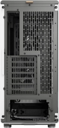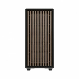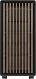 La façade ouverte avec lamelles verticales en bois et un fin maillage combine esthétique et haute efficacité de refroidissement – idéale pour des configurations silencieuses comme performantes.
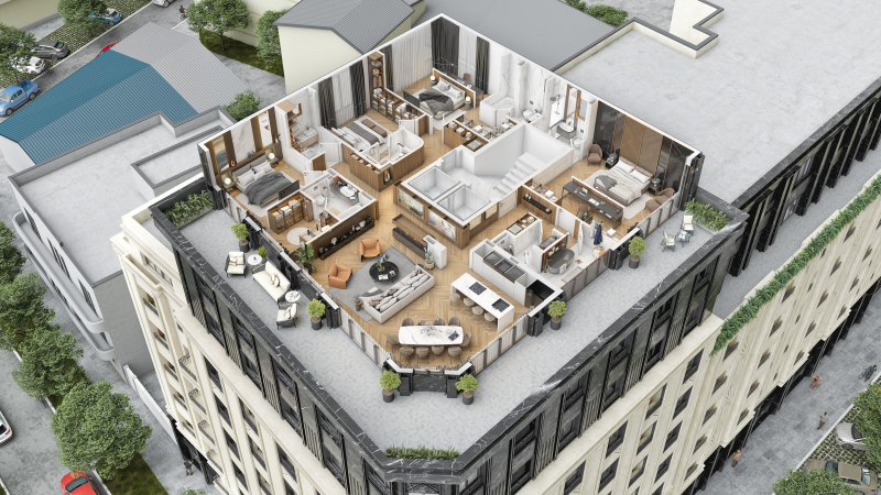U osnovi je projektovan kao petosoban stan od 200m², sa prostranim salonom i luksuznom master spavaćom sobom. Ceo penthaus krasi ugaona terasa od ukupno 65m². Na vrhu Palate Cvijićeva, nalazi se krovno dvorište površine 200m², u kojoj ćemo za Vas kreirati privatnu oazu, sa svim dodatnim sadržajima, što sve ukupno čini impozantnih 465m² korisnog prostora čiste ekstravagancije pod nebom.
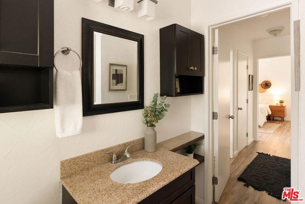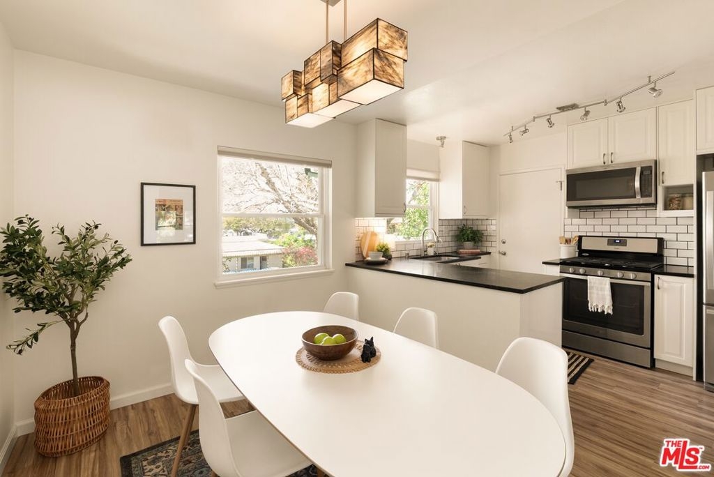 Top-floor 2-bedroom, 1.5-bathroom condominium lovingly upgraded by an owner who paid attention to detail. The elevated interior features include rigid-core luxury vinyl plank flooring laid over acoustic-insulating cork, double-hung dual-pane windows with custom treatments, and solid wood interior doors, all of which maximize durability and create a quiet, relaxing atmosphere. The kitchen was renovated with chic Caesarstone countertops, a matching subway tile backsplash, soft-close cabinetry, sleek stainless-steel appliances, and water filtration systems for both the kitchen sink and the automated ice machine. Recessed and dimmable lighting throughout further add to the premium feel of the unit. Both bedrooms are spacious, private retreats. Oversized closets with sliding mirror doors and whisper-quiet Casablanca ceiling fans ensure year-round comfort. The in-unit washer and dryer, central heat, and a private one-car garage with built-in storage cabinets provide ultimate convenience. Residents also benefit from an additional parking space in the common area and plenty of on-site parking for guests. The condo sits within Cameo Woods, a 24/7 guard-gated community providing resort-style living. This is one of the best-positioned units in the complex, centrally located away from the noise of any public streets. The top-floor elevation allows in excellent natural lighting. Picturesque views of mature trees and grassy courtyards from every room enhance the sense of peace and tranquility that other units simply do not provide. Life within this community feels like living in a private park, with over 20 acres of landscaped grounds to enjoy. Amenities include a pool, two hot tubs, a tennis court, a dog run, a community garden and a clubhouse. This home offers easy access to Downtown Culver City, West Adams, Downtown LA, LAX, local beaches, the Baldwin Hills Scenic Overlook, Kenneth Hahn Park, and the Expo Line, making it an ideal choice for those seeking a move-in ready home in a vibrant neighborhood.3641 Kalsman Dr Unit 4 -the best value condo in West LA!
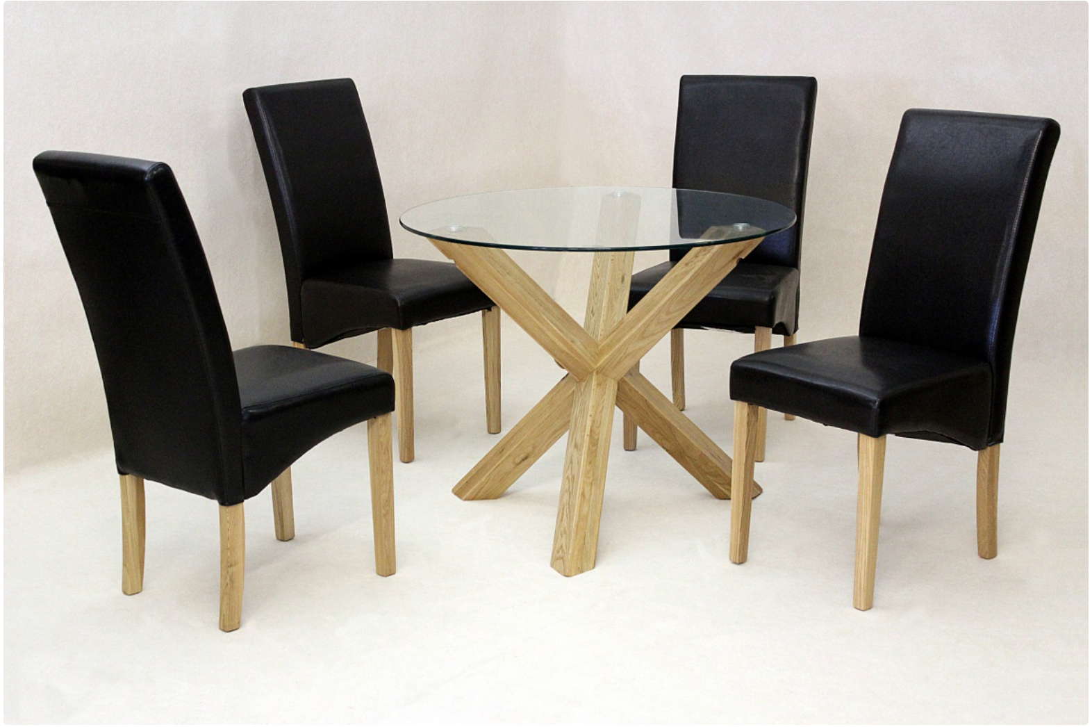 Saturn Small Table 950W Round, 75 x 75mm Solid Oak Leg, 10mm Glass Top
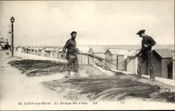 Ak Lion sur Mer Calvados, Trocknen von Filets
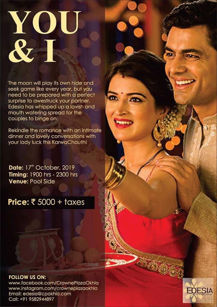 Good food and romantic ambiance are always a great addition to special celebrations; don’t you agree?We welcome you to enjoy both on the special occasion of ‘Karwa Chauth’ at #CrownePlazaToday Okhla New Delhi...
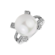 18kt prsteň z bieleho zlata s diamantmi a morskou bielou perlou, ktorá je ako symfónia svetla a elegancie. Jeho vynikajúci dizajn je cestou k úspechu, plný krásy a jemných tónov. Šperk je súčasťou kolekcie Ocean & River.
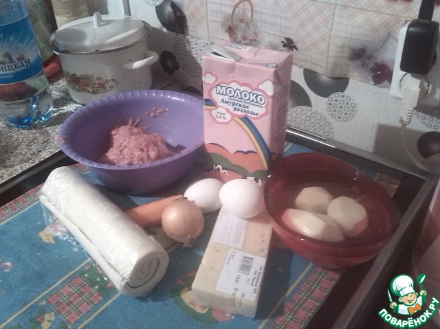 Ингредиенты для «Пирог из слоеного теста с куриным фаршем»:
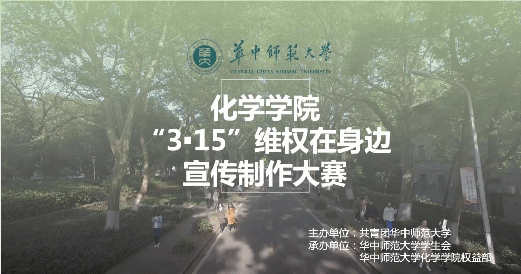 新闻中心消息 通讯员 李睿3月14日,化学学院“3.15维权在身边”宣传制作大赛通过线上会议的方式顺利进行。本次活动由共青团华中师范大学化学学院委员会主办,由化学学院学生会权益部承办。本次活动旨在增强广大学生对国际消费者权益日的认识以及提高广大学生维护自身合法权益的能力,培养同学们的创新能力。本次活动的嘉宾及裁判有化学学院团委书记马莹、化学学院团委学生会主席团成员严仔夷、物理科学与技术学院维权服务与调研中心负责人王俐博、社会学院权益部负责人张一鸣以及化学学院权益部相关负责人。由化学学院权益部负责人徐国睿担任主持人。
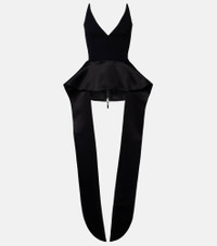 Expect the unexpected with Maticevski, a designer that incorporates artistry and sculptural influence into every piece. The Frame top is cut from lustrous satin to a peplum silhouette with a V-neckline and cascading ties at the sides. Product Details - Material: 100% polyester - Care instructions: dry clean - Made in Australia - Color: black - Designer color name: Black/Satin - Item color: black - Lining: 93% silk, 7% elastane - Closure: zipped back - Boning - Self-tie belt - Item number: P01121321 Size & Fit - True to size - Fits large to size - we recommend trying one size smaller - Strapless - Internal bra with wire support at the sides - Cinched waist - Non-stretchy fabric - Falls to the hip - The model seen in the picture is 178cm-5'10" and wearing a size UK 6
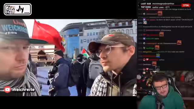 01:09:32Es kommt zu einer direkten Konfrontation auf einer Demonstration in Connewitz. Weichreite, ein rechter YouTuber, wird von Teilnehmern einer linken Demo angesprochen und provoziert. Nach einem verbalen Austausch, bei dem Weichreite eine Spuckattacke erleidet, eskaliert die Situation. Weichreite gibt an, bei einem Versuch, den Angreifer festzuhalten, selbst zu stürzen und sich zu verletzen. Er erstattet Anzeige wegen Nötigung.
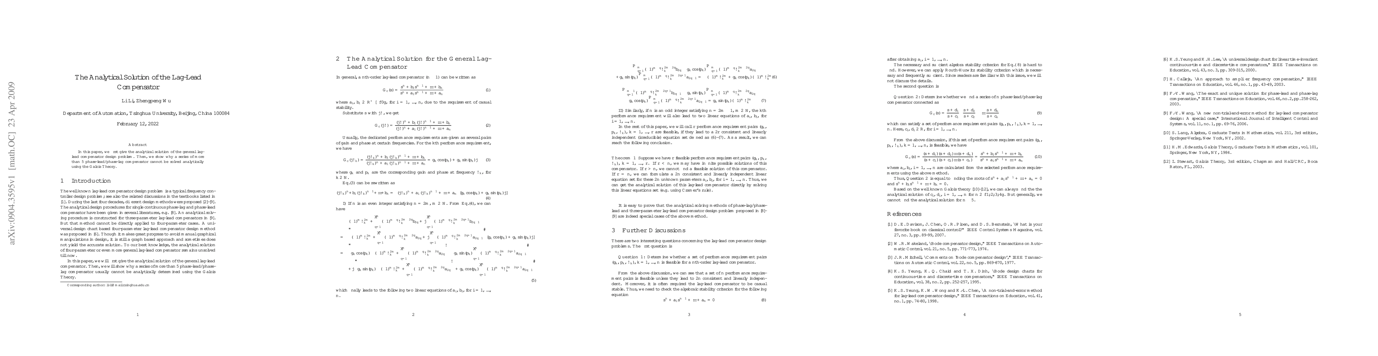 In this paper, we first give the analytical solution of the general lag-lead compensator design problem. Then, we show why a series of more than 5 phase-lead/phase-lag compensator cannot be solved analytically using the Galois Theory.
##############################
In your copy, include every record word for word but no pictures.

 La façade ouverte avec lamelles verticales en bois et un fin maillage combine esthétique et haute efficacité de refroidissement – idéale pour des configurations silencieuses comme performantes.
U osnovi je projektovan kao petosoban stan od 200m², sa prostranim salonom i luksuznom master spavaćom sobom. Ceo penthaus krasi ugaona terasa od ukupno 65m². Na vrhu Palate Cvijićeva, nalazi se krovno dvorište površine 200m², u kojoj ćemo za Vas kreirati privatnu oazu, sa svim dodatnim sadržajima, što sve ukupno čini impozantnih 465m² korisnog prostora čiste ekstravagancije pod nebom.
 Top-floor 2-bedroom, 1.5-bathroom condominium lovingly upgraded by an owner who paid attention to detail. The elevated interior features include rigid-core luxury vinyl plank flooring laid over acoustic-insulating cork, double-hung dual-pane windows with custom treatments, and solid wood interior doors, all of which maximize durability and create a quiet, relaxing atmosphere. The kitchen was renovated with chic Caesarstone countertops, a matching subway tile backsplash, soft-close cabinetry, sleek stainless-steel appliances, and water filtration systems for both the kitchen sink and the automated ice machine. Recessed and dimmable lighting throughout further add to the premium feel of the unit. Both bedrooms are spacious, private retreats. Oversized closets with sliding mirror doors and whisper-quiet Casablanca ceiling fans ensure year-round comfort. The in-unit washer and dryer, central heat, and a private one-car garage with built-in storage cabinets provide ultimate convenience. Residents also benefit from an additional parking space in the common area and plenty of on-site parking for guests. The condo sits within Cameo Woods, a 24/7 guard-gated community providing resort-style living. This is one of the best-positioned units in the complex, centrally located away from the noise of any public streets. The top-floor elevation allows in excellent natural lighting. Picturesque views of mature trees and grassy courtyards from every room enhance the sense of peace and tranquility that other units simply do not provide. Life within this community feels like living in a private park, with over 20 acres of landscaped grounds to enjoy. Amenities include a pool, two hot tubs, a tennis court, a dog run, a community garden and a clubhouse. This home offers easy access to Downtown Culver City, West Adams, Downtown LA, LAX, local beaches, the Baldwin Hills Scenic Overlook, Kenneth Hahn Park, and the Expo Line, making it an ideal choice for those seeking a move-in ready home in a vibrant neighborhood.3641 Kalsman Dr Unit 4 -the best value condo in West LA!
 Saturn Small Table 950W Round, 75 x 75mm Solid Oak Leg, 10mm Glass Top
 Ak Lion sur Mer Calvados, Trocknen von Filets
 Good food and romantic ambiance are always a great addition to special celebrations; don’t you agree?We welcome you to enjoy both on the special occasion of ‘Karwa Chauth’ at #CrownePlazaToday Okhla New Delhi...
 18kt prsteň z bieleho zlata s diamantmi a morskou bielou perlou, ktorá je ako symfónia svetla a elegancie. Jeho vynikajúci dizajn je cestou k úspechu, plný krásy a jemných tónov. Šperk je súčasťou kolekcie Ocean & River.
 Ингредиенты для «Пирог из слоеного теста с куриным фаршем»:
 新闻中心消息 通讯员 李睿3月14日,化学学院“3.15维权在身边”宣传制作大赛通过线上会议的方式顺利进行。本次活动由共青团华中师范大学化学学院委员会主办,由化学学院学生会权益部承办。本次活动旨在增强广大学生对国际消费者权益日的认识以及提高广大学生维护自身合法权益的能力,培养同学们的创新能力。本次活动的嘉宾及裁判有化学学院团委书记马莹、化学学院团委学生会主席团成员严仔夷、物理科学与技术学院维权服务与调研中心负责人王俐博、社会学院权益部负责人张一鸣以及化学学院权益部相关负责人。由化学学院权益部负责人徐国睿担任主持人。
 Expect the unexpected with Maticevski, a designer that incorporates artistry and sculptural influence into every piece. The Frame top is cut from lustrous satin to a peplum silhouette with a V-neckline and cascading ties at the sides. Product Details - Material: 100% polyester - Care instructions: dry clean - Made in Australia - Color: black - Designer color name: Black/Satin - Item color: black - Lining: 93% silk, 7% elastane - Closure: zipped back - Boning - Self-tie belt - Item number: P01121321 Size & Fit - True to size - Fits large to size - we recommend trying one size smaller - Strapless - Internal bra with wire support at the sides - Cinched waist - Non-stretchy fabric - Falls to the hip - The model seen in the picture is 178cm-5'10" and wearing a size UK 6
 01:09:32Es kommt zu einer direkten Konfrontation auf einer Demonstration in Connewitz. Weichreite, ein rechter YouTuber, wird von Teilnehmern einer linken Demo angesprochen und provoziert. Nach einem verbalen Austausch, bei dem Weichreite eine Spuckattacke erleidet, eskaliert die Situation. Weichreite gibt an, bei einem Versuch, den Angreifer festzuhalten, selbst zu stürzen und sich zu verletzen. Er erstattet Anzeige wegen Nötigung.
 In this paper, we first give the analytical solution of the general lag-lead compensator design problem. Then, we show why a series of more than 5 phase-lead/phase-lag compensator cannot be solved analytically using the Galois Theory.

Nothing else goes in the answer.